즉 $z_2$ 의 각 vector 확률과 $p_1$ 의 각 vector의 각 확률이 같게 되면 최소의 loss가 되기 때문에 두 벡터가 같아지게 학습이 진행된다.

이렇게 loss를 바꾸면 성능이 더 떨어졌다.
이때 cross-entropy도 collapse 없이 잘 학습이 되었다.
즉 loss는 collapse와 무관하다.

4.6 Symmetrization

$\mathcal{L}=\frac{1}{2}\mathcal{D}(p_1,z_2)+\frac{1}{2}\mathcal{D}(p_2,z_1)$ 으로 구성된 loss를 1개만 써서 asym으로 만들고 2배를 곱해보는 식으로 진행을 하였는데
sym이 더 성능이 좋았다. 1번의 view 비교를 더 할 수 있기 때문으로 생각한다.
실제로 asym을 2배 하는 것으로 어느정도 보정이 가능하다.

5. Hypothesis

5.1 Formulation

논문의 저자들은 Simsiam이 Expectation-maximization 알고리즘을 수행한다고 본다.
즉 내부에 2개의 variable set이 존재하고 2개의 sub-problem을 풂으로써 학습한다고 본다.
이때 stop-gradient는 variable-set을 추가하는 것으로 볼 수 있다.
이때 loss를 다음과 같이 표현할 수 있다.
$\mathcal{L}(\theta, \eta) = \mathbb{E}_{x, \mathcal{T}} \left[ \left\lVert \mathcal{F}_\theta (\mathcal{T}(x)) - \eta_x \right\rVert_2^2 \right]$
$\eta$ 는 stop gradient로 표현된 또다른 set of variable이고 $\mathbb{E}$ 는 기댓값이다.
$\mathcal{T}$ 는 augmenation이다.

이 loss일 때 풀어야하는 문제를 다음과 같이 바꿀 수 있다.
$\underset{\theta,\eta}{\min} \mathcal{L}(\theta,\eta)$ 즉 둘 사이의 loss로 표현할 수 있다.
이는 k-means clustering과 유사하다고 생각할 수 있다!
$\theta$ 는 center이고 encoder의 learnable param이다. $\eta_x$ 는 $x$ 에 할당되어있는 벡터이다.

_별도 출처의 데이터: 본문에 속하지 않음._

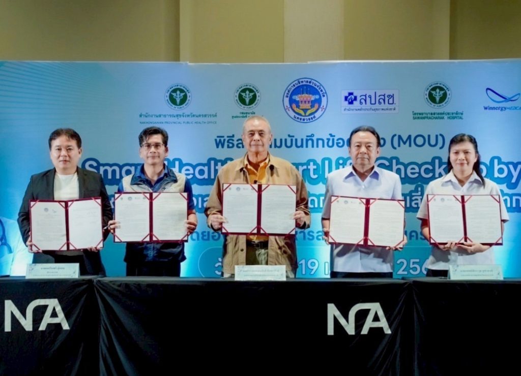 นายธนกร วิทยะสิรินันท์ (ที่ 1 จากซ้าย) กรรมการ บริษัท วินเนอร์ยี่ เมดิคอล (WINMED), พล.ต.อ.สมศักดิ์ จันทะพิงค์ (กลาง) นายกองค์การบริหารส่วนจังหวัดนครสวรรค์ และนายแพทย์จักราวุธ จุฑาสงฆ์ (ที่ 2 จากขวา) นายแพทย์สาธารณสุขจังหวัดนครสวรรค์ ร่วมลงนามบันทึกข้อตกลงรณรงค์การตรวจคัดกรองมะเร็งปากมดลูก เพื่อยกระดับระบบสุขภาพปฐมภูมิ รณรงค์ให้ประชาชนในจังหวัดนครสวรรค์ได้รับการตรวจคัดกรองสุขภาพเบื้องต้น และให้กลุ่มสตรีที่มีอายุตั้งแต่อายุ 30-60 ปี เข้าถึงการตรวจคัดกรองมะเร็งปากมดลูก ลดอัตราการเสียชีวิตจากโรคมะเร็งปากมดลูก

$\theta^t \gets \arg\min_{\theta} \, \mathcal{L}(\theta, \eta^{t-1})$
$\eta^t \gets \arg\min_{\eta} \, \mathcal{L}(\theta^t, \eta)$
위를 토대로 2개의 sub problem을 이렇게 구성할 수 있다.

Solving for $\theta$ : stop-gradient로 $\eta$ 를 propagation 하지 않기에 $\theta$ 를 푸는 것으로 생각 가능하다.
Solving for $\eta$ : loss를 아래와 같이 표현했을 때
$\mathcal{L}(\theta, \eta) = \mathbb{E}_{x, \mathcal{T}} \left[ \left\lVert \mathcal{F}_\theta (\mathcal{T}(x)) - \eta_x \right\rVert_2^2 \right]$ 각 sample x에서 나온 $\eta_x$ 에 따라서 문제를 푸는데 예측 값의 평균을 $\eta_x$ 에 가깝게 만들도록 학습하게 된다.
결국 이는 $\eta^t_x \leftarrow \mathbb{E}_\mathcal{T}[\mathcal{F}_{\theta^t} (\mathcal{T}(x))]$ 로 표현할 수 있다.

One-step alternation.

$\eta^t_x \leftarrow \mathbb{E}_\mathcal{T}[\mathcal{F}_{\theta^t} (\mathcal{T}(x))]$ 에서 transform $\mathcal{T}$ 를 1번만 적용하고 다시 안바꾼다고 치고 $\mathcal{T}'$ 으로 근사를 하면
$\eta^t_x \leftarrow \mathcal{F}_{\theta^t} (\mathcal{T}'(x))$ 로 표현할 수 있다.
이를 토대로
$\theta^{t+1}\leftarrow \underset{\theta}{\arg\min} \mathbb{E}_{x, \mathcal{T}} \left[ \left\lVert \mathcal{F}_\theta (\mathcal{T}(x)) - \mathcal{F}_{\theta^t} (\mathcal{T}'(x)) \right\rVert_2^2 \right]$ 로 근사해서 표현할 수 있다.
$\theta^t$ 는 sub-problem에서 constant취급하고 $\mathcal{T}'$ 는 another view이다.

Predictor

위 수식들은 predictor $h$ 가 없는 상태이다.
원래 loss는 $\mathbb{E}_{z} \left[ \left\lVert h (z_1) - z_2 \right\rVert_2^2 \right]$ 이 수식을 최소화 하는 것인데

이때 $h(z_1)=\mathbb{E}_z[z_2]=\mathbb{E}_\mathcal{T}[f(\mathcal{T}(x))]$ 로 된다.
즉 h는 transform의 분포를 근사해서 $z_2$ 와 비슷하게 만들어준다.
이전에 위의 식에서 1개의 sampling 하는 식으로 근사하는 것과 비슷한 역할을 함.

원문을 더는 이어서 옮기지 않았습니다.